Note that in this case \(x_i\in \Re^n\) and \(y_i \in \{0,\ldots,M-1\}\). Here, the values \(y_i\) are generally called “labels”, while the values \(\hat h = h(x)\) predicted using the classifier \(h\) are called predicted labels.

We can find the optimal model \(h\) by minimizing the empirical risk. A possible loss function is the following one:

\[\begin{split}L(\hat y, y) = \begin{cases}1 &\text{ if }& \hat y \neq y \\ 0 &\text{ if }& \hat y=y \end{cases}\end{split}\]

Hence the empirical risk will be the fraction of correct predictions:

\[R_{emp}(h) = \frac{1}{N} \sum_{i=1}^N L(\hat y_i, y_i) = \frac{\text{number of incorrect predictions}}{N}\]

The empirical risk computed as defined above is also known as error rate. It is a number comprised between \(0\) and \(1\) which can also be interpreted as a percentage.

The classifier can be learned by minimizing the empirical risk:

\[\hat h = \underset{h \in \mathcal{H}}{\mathrm{arg\ min}}\ R_{emp}(h)\]

18.1.1. Examples#

Classifiers support decision making any time that observations need to be categorized in one of a predefined set of classes. Examples of such problems are:

Detecting spam emails (spam vs legitimate email classification).
Classifying Facebook posts as being about politics or something else (politics vs non-politics classification).
Recognizing the object depicted in an image out of 1000 different objects (object recognition).
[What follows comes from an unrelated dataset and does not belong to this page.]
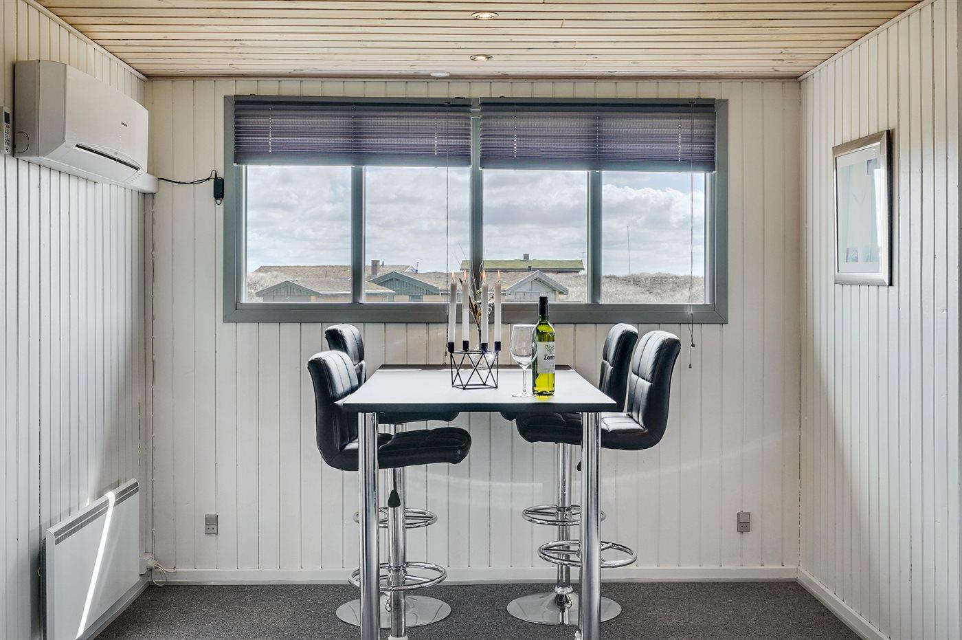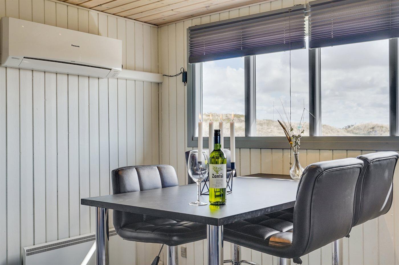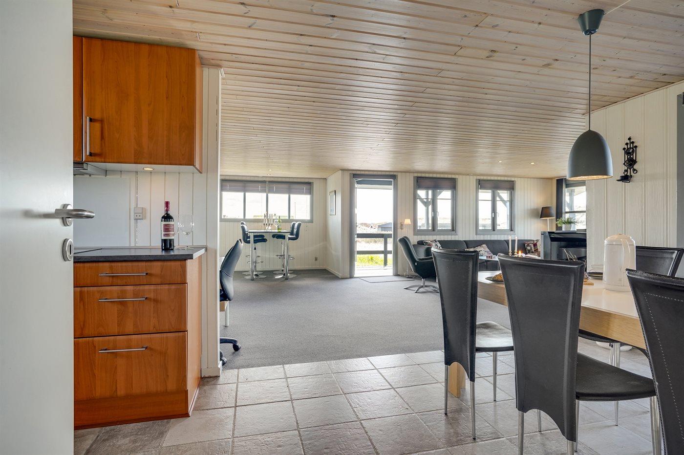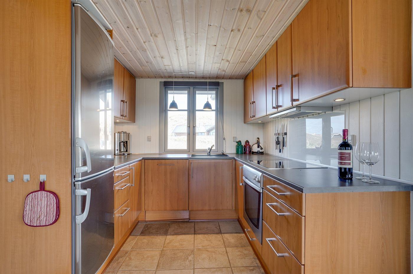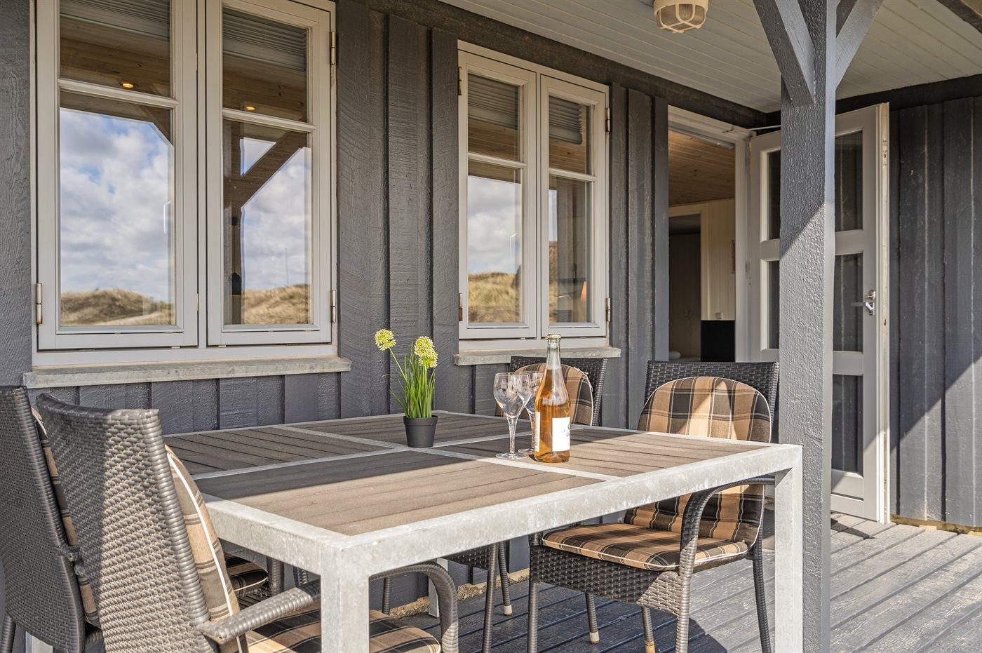 På en dejlig, kuperet klitgrund, kun 200 m fra Vesterhavet, ligger dette dejlige og velholdte sommerhus i træ, bygget i 1980 og løbende moderniseret, senest i 2010. Gode åbne og overdækkede terrassearealer med havemøbler, hvor man kan nyde udsigten over det naturskønne klitområde. Trævægge og -lofter. Gulvtæpper overalt, dog klinkegulv i køkken-alrum. Dejligt badeværelse med bruseniche og gulvvarme. Vaskemaskine og tørretumbler. Sauna. Moderne køkken med mikrobølgeovn, fryser, opvaskemaskine, varmluftovn samt komfur med keramiske kogeplader. Stor, hyggelig opholdsstue med brændeovn, TV med parabol (digital), DVD-afspiller og CD-afspiller. 3 soverum; 2 med dobbeltseng og 1 med 2 enkeltsenge. Desuden barneseng, 1 høj barnestole samt sandkasse til rådighed. Af yderligere udstyr kan gratis, trådløs internetforbindelse nævnes (computer skal medbringes) og der er installeret energibesparende varmepumpe/aircondition. Et dejligt sommerhus beliggende i et naturskønt område - få min. kørsel til badebyen Søndervig.

For example, we can define spam detection as follows:

Task: given an e-mail, classify it as spam or non-spam.
Input example \(\mathbf{e}\): the text of the e-mail. This can be a sequence of characters of arbitrary length. We can use some representation function to map an email \(\mathbf{e}\) to a vector of real numbers \(\mathbf{x} \in \Re^n\). We also assume that a training set pairing the vectors \(\mathbf{x}\) with labels \(y \in \{ 0,1\}\) is available.
Classifier: a function \(h:\Re^n \rightarrow \{ 0,1\}\).
Output: a predicted label \(\widehat{y} \in \{ 0,1\}\) indicating if the e-mail is legitimate or spam. Here we have a binary classification task, hence \(M = 2\).

18.2. Eavaluation Measures#

When defining classification algorithms, it is important to measure their performance. Performance indicators can be used to guide training (e.g., modify the parameters in order to improve the performance of the algorithm on the training set), tune hyper-parameters (such as the “K” in K-NN) and to finally assess that the algorithm works on unseen data (the test set).

To measure performance, we will first define the set of ground truth test labels:

\[Y_{TE} = \left\{ y^{(i)}|\left( \mathbf{x}^{(i)},y^{(i)} \right) \in TE \right\}_{i}\]

We will also define the set of predicted test labels as follows:

\[{\widehat{Y}}_{TE} = \left\{ h\left( \mathbf{x}^{(i)} \right)|\left( \mathbf{x}^{(i)},y^{(i)} \right) \in TE \right\}_{i}\]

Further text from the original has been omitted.